This past July, I attended the Johnson-Gottman Summit in Seattle. The Johnson-Gottman summit is a clinical training conference focused on marriage and couples therapy, hosted by couples counseling experts John and Julie Gottman and Sue Johnson. In this article, I would like to share some highlights I gleaned from my experience at the Summit.
Introducing the Experts: John & Julie Gottman and Sue Johnson
Sue Johnson is one of the main founders of Emotionally Focused Therapy (EFT) for couples, which is designed to help clients listen to and respond more effectively to each other’s emotions; initiate new and healthier interactions; and create a more secure bond between partners. John and Julie Gottman created Gottman Couples Therapy (GCT), which is a research-based psychotherapy grounded in over four decades of observing what couples actually do to make their relationships work.
Round One: What Makes a Good Relationship?
At the end of various sessions, John and Julie Gottman would ask Sue Johnson questions, and vice versa. During the first round of questions, Sue Johnsons asked the Gottmans “What do you believe constitutes a good love relationship?” The following is a close paraphrase of how each expert responded:
John: “A good love relationship exists when you find and cherish someone with whom you can be yourself and have yourself accepted. You believe that the other is there for you and has your best interests at heart. When you are in pain, the world stops, and it is time to talk.”
Sue’s rephrasing: “If I call to you, you will hear my pain and care and put it first.
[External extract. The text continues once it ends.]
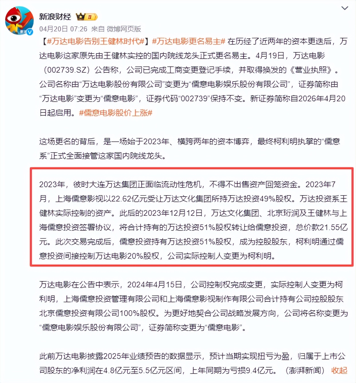 几个月后又把剩下的股权全都卖给儒意,也就是说从两年前开始,万达电影实际上就已经不存在了,就只是剩下了个“皮”。

You will not leave me alone.”
Julie: “I believe it is seeing the magnificence in your partner, the deep soul pain, the absolute truthful beauty at the center of their heart. The craziness, the stuff that makes us human (mistakes, selfishness, etc.) and love it all. The whole of it makes up the person. Honor the person, their dreams, understand the fallible and human parts, and accept the whole package.”
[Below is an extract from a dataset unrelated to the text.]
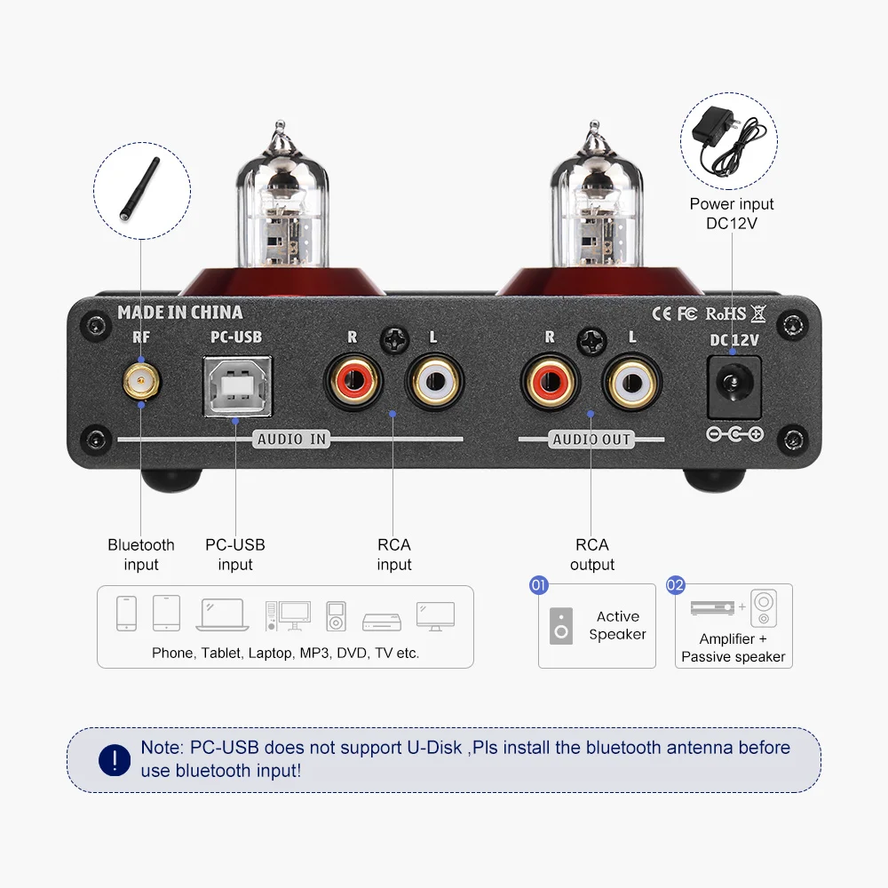 1. Это трубный усилитель, который должен быть подключен к усилителю или активным динамикам, не может управлять пассивным динамиком напрямую. И это не фонокорректор, не может работать с вертушками.2. Для наушников выход предварительного, стерео RCA выход будет автоматически отключается при подключении наушников к своему 3,5 мм выход.

Sue’s rephrasing: “Both people can be human and vulnerable – safely – together.”
Round Two: What Helps Couples Change?
The second question Sue asked the Gottmans was, “What helps couples change?”, to which they responded:
John: “In many relationships, people have left each other for so long and have substituted each other with other people and/or things. Our goal is to help them reach toward each other again.”
Sue: “To offer them hope and a road map and help them re-connect.”
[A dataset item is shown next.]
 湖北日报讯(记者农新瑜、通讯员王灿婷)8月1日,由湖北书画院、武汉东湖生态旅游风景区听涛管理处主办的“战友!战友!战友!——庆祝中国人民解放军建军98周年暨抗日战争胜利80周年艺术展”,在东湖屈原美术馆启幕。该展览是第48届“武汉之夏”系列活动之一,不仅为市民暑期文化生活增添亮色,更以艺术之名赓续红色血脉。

Julie: “We want to help people understand, in the midst of conflict, the internal world of the other person. We want to help partners access compassion for the other.”
Reuniting Rituals: A Tool for Healthy Relationships
In Gottman Couples Therapy, there are a variety of tools for couples to use. One such tool, an idea which stayed with me after the conference, is a ritual of reuniting at the end of every day. As you consider what is important to you and to your partner, what is each other’s “love language,” can you think of an ongoing ritual that would help you to reconnect at the end of a busy, often disconnecting, day? Maybe it is simply talking about the high and low points of the day. Or playing a game of cribbage. Or simply snuggling up together and watching a show. Whatever it is, I have come to see how crucial it is to be intentional each and every day with one another in order to sustain a truly loving relationship.
Christian Couples Counseling Based on Gottman-Johnson Techniques
One final question that Sue Johnson had for the Gottmans was this: “Why do you love couples therapy?” The response was: “It is beautiful to see people love each other.” If you feel your heart stirred and want to get help for your relationship, if you feel that you have lost some of the beauty in your relationship, know that you are not alone. There are many resources available. One such resource is Christian counseling. Within my practice, I utilize many of the Gottman’s and Johnson’s techniques. I have seen and experienced healing, both within my practice as well as within my own relationship.